Nicole Connolly, for example, was hired form Telstra Super to advise on alternative strategies, and Raewyn Williams was hired from Queensland Investment Corporation to concentrate on after-tax investing. These are all people who, in their previous jobs as investors, have “touched the money” and provide specialist advice, says Greg Liddell, director of consulting. These specialist services can be used by funds of all sizes but are suited to larger investors. There are not many of these big, $20 billion-plus, investors. This spurs Warren Chant, director of superannuation research and ratings business Chant West, to say the growth of investment teams within superannuation funds is over-hyped. “Not many funds have strong internal resources,” he says. “You could name them on one hand easily.” But they indicate a future that consultants are preparing for. In 2009, Mercer Investment Consulting restructured its global business to adapt to investors seeking expertise beyond that provided by generalists. It created research teams, or ‘boutiques’, that focus on different aspects of investing, such as dynamic asset allocation, alternatives or sustainability risks.
Graeme Mather, head of the business in Australia and New Zealand, which has $152 billion in funds under advice and management, says Mercer is prepared to garner clients who seek specialist input. “The role of the generalist consultant is gone,” Mather says. “The relationship manager is like a conductor. They can play a few instruments but is not an expert with all of them.” JANA Investment Advisers, whose funds under management and advice total more than $167 million, engages most types of institutional investor in Australia and New Zealand. Its clients include smaller institutional investors, charities and large superannuation funds. Ian Patrick, CEO of JANA, says “the nature of client relationships is more diverse than ever”. The days of smaller superannuation funds overseen by trustee boards or investment committees that meet quarterly are over, he says. “They are fewer in number than even five years ago.”

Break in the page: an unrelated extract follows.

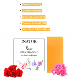 Inatur Rose & Geranium Sugar Soap, 125 gm x 2 pack (free shipping)
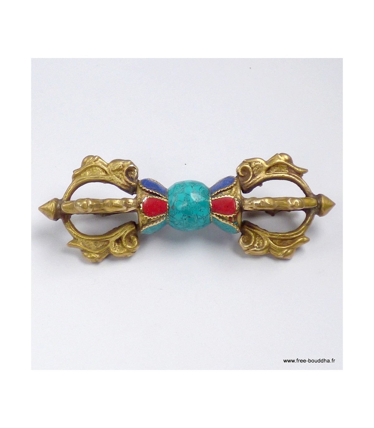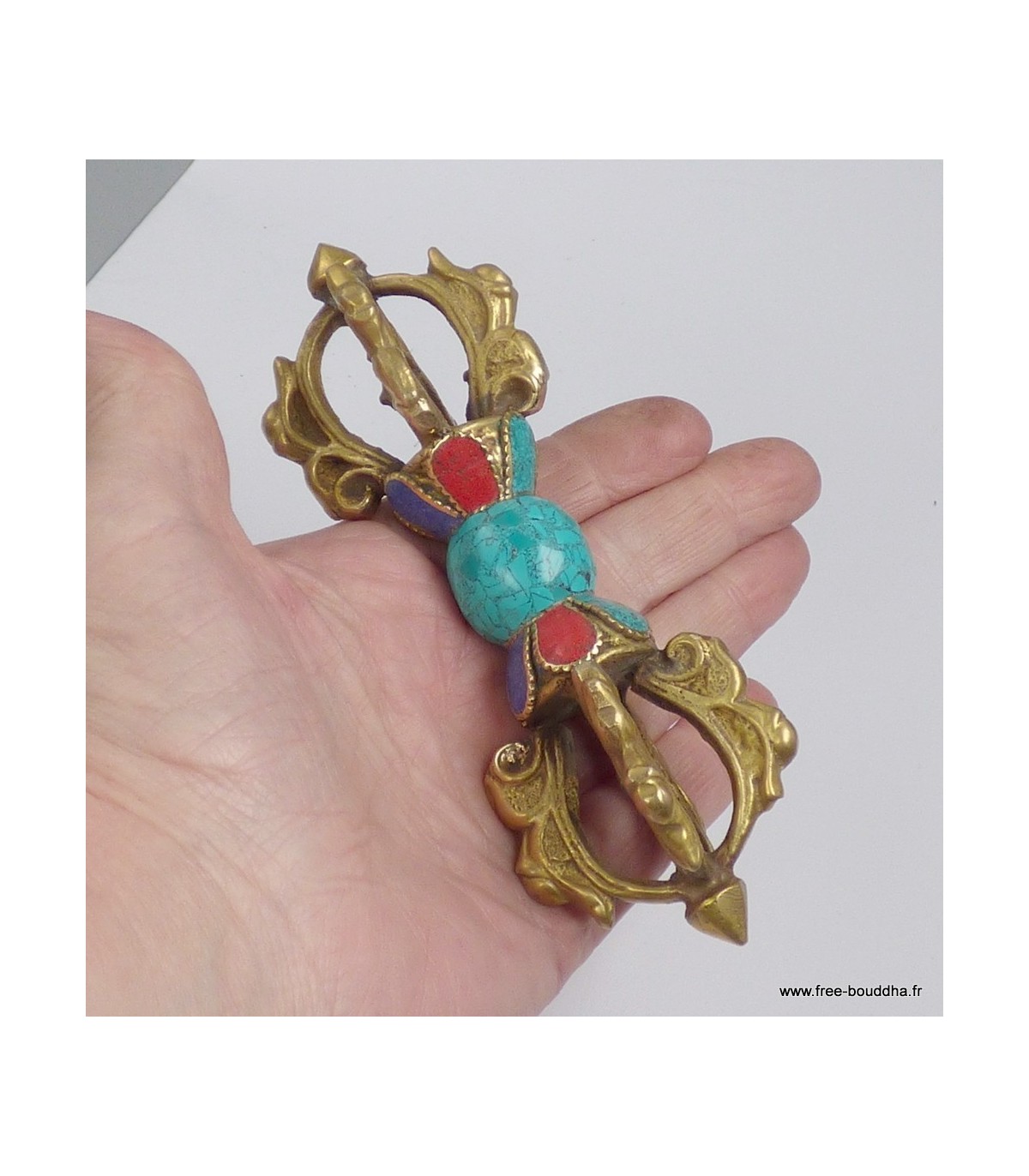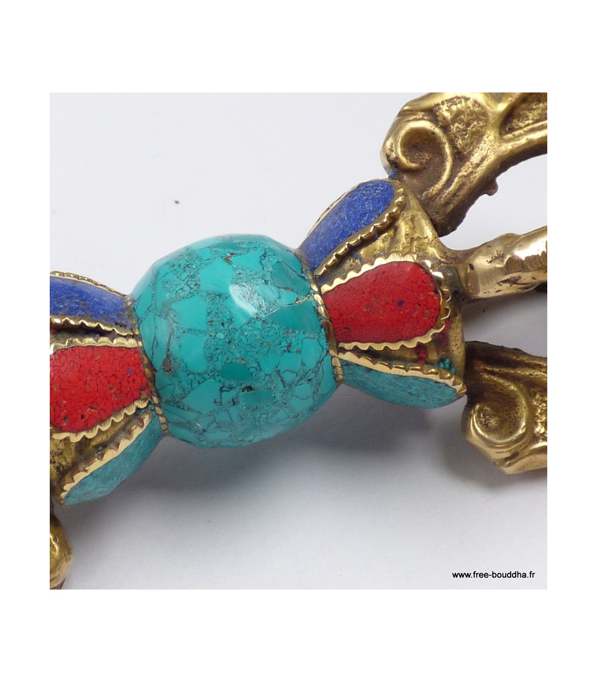 Dorje vajra tibétain 4 branches serti de pierres naturelles 13,5 cm

It is more common for clients to call upon research specialists within JANA for insights on specific aspects of investment. “But this doesn’t detract from the fact that, in my view, the primary relationship person with each client has a very weighty responsibility to address the significant issues and provide leadership for specialists,” Patrick says. “You can’t allocate tasks and assume they come together in a seamless fashion for the client. You still need that central relationship person to synthesise all of those views.” This illustrates how the “mechanisms” of asset consulting are changing as large funds hire investment staff. The aim of the business – to help clients meet their investment objectives – will always remain. But consultants will adapt to how funds do business. “Do I know what form this will take? No,” Patrick says. Throughout its 40-year history, Cambridge Associates, a USheadquartered investment consultant, has kept the endowment funds of Yale, Harvard, Princeton and Stanford universities, which are some of the world’s most successful institutional investors, as clients. “They are very different now compared to what they were,” says Eugene Snyman, managing director of the consultant’s Australian office.